Abstract
Aims: The number of ovarian follicles and ovulations after human chorionic gonadotrophin (hCG) was given at various doses during pregnancy were investigated in rats.
Methods: On designated days of pregnancy, rats were injected with hCG at 13.00 hours and the number of ova were observed. The same rats were then killed at 13.00 hours the next day. The ovaries were cut into complete sections. All sections were observed and the size of each follicle was measured.
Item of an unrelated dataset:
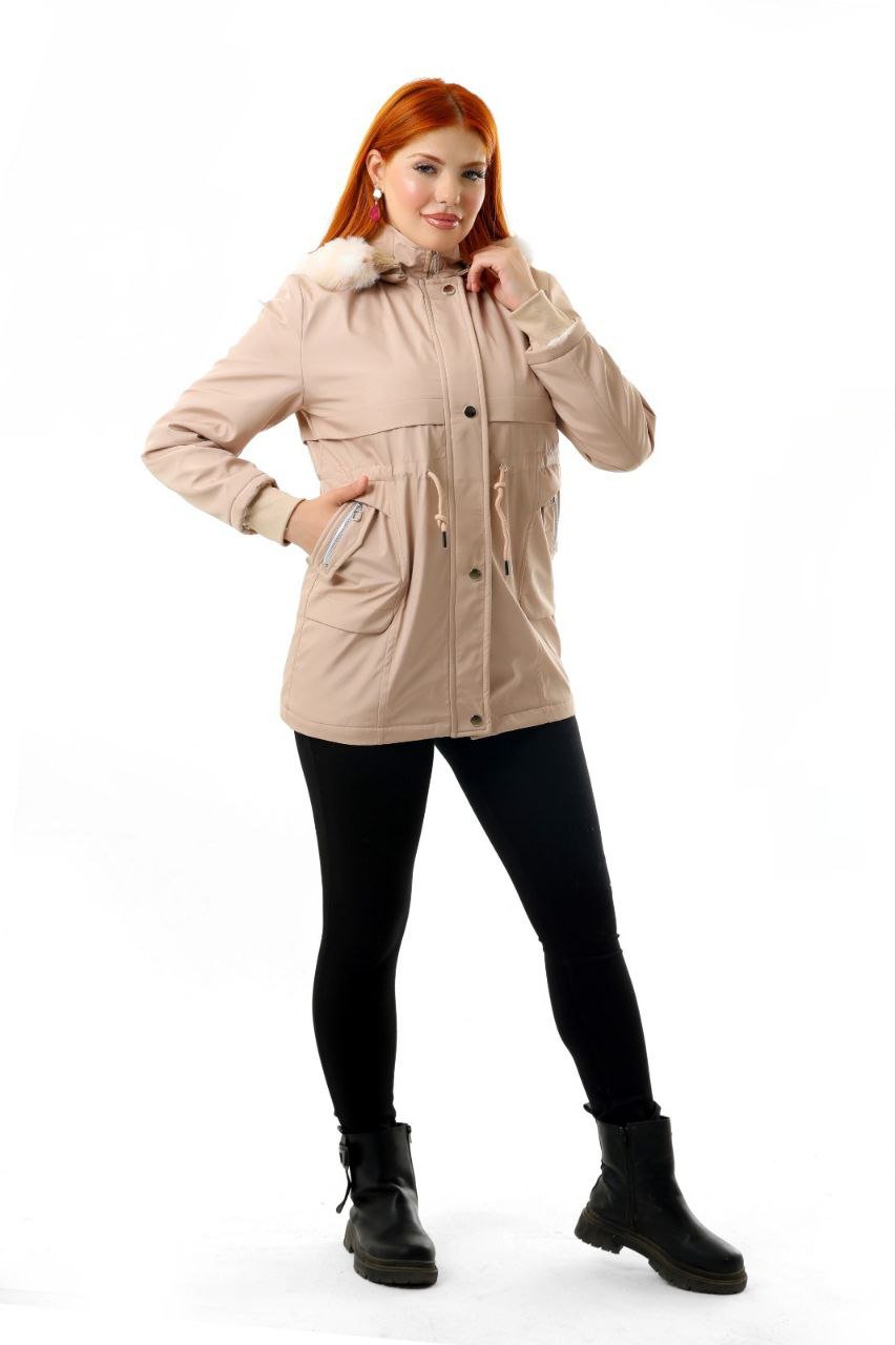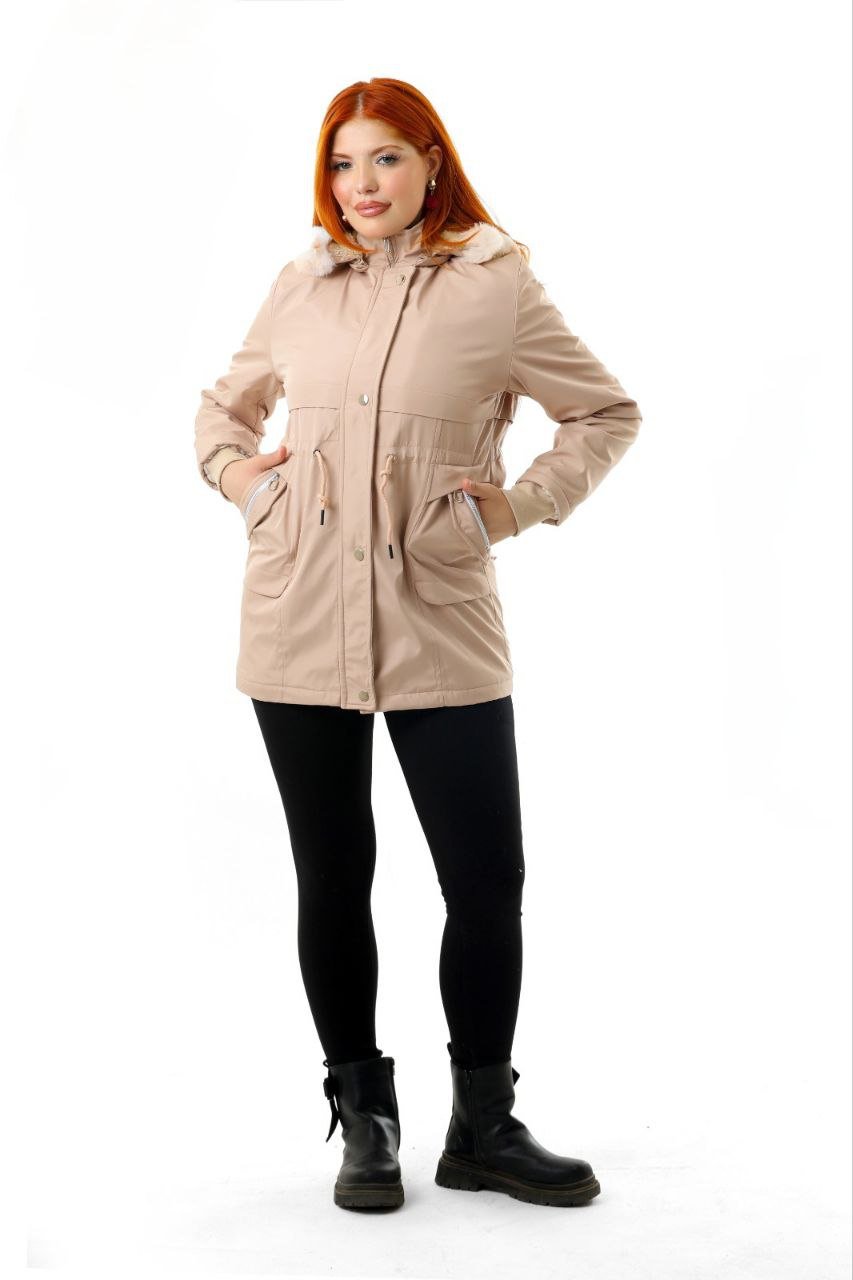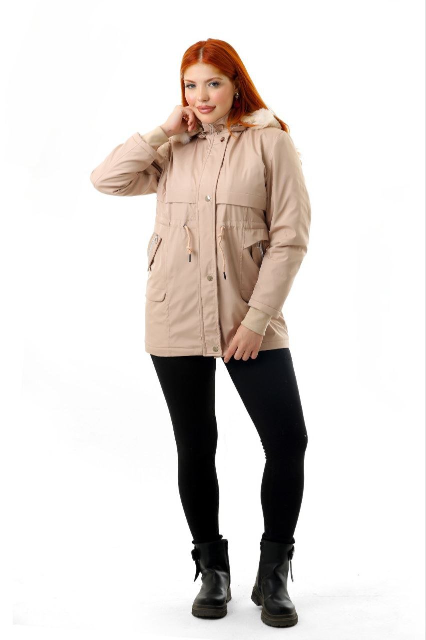 This women’s long waterproof winter jacket provides excellent protection against cold, wind, and rain. Designed with a stylish Blush Beige exterior and a soft fur-lined hood, it combines warmth with a clean, modern look. The jacket features a full zipper with snap buttons, adjustable waist drawstrings for a tailored fit, and multiple spacious pockets for convenience.

Results: The number of large (≥550 µm), healthy, non‐atretic follicles (Graafian follicles) ranged from 1.5 to 11 during pregnancy. Ovulation was induced in rats at any stage of pregnancy with intramuscular injections of 40 or 50 IU hCG, but 10 IU had no effect and 20 or 30 IU had an incomplete effect. The number of ovulations after 40 IU hCG was 2–12 and there was not a significant difference between the number of ovulations and the number of large, healthy follicles at any point in the pregnancy.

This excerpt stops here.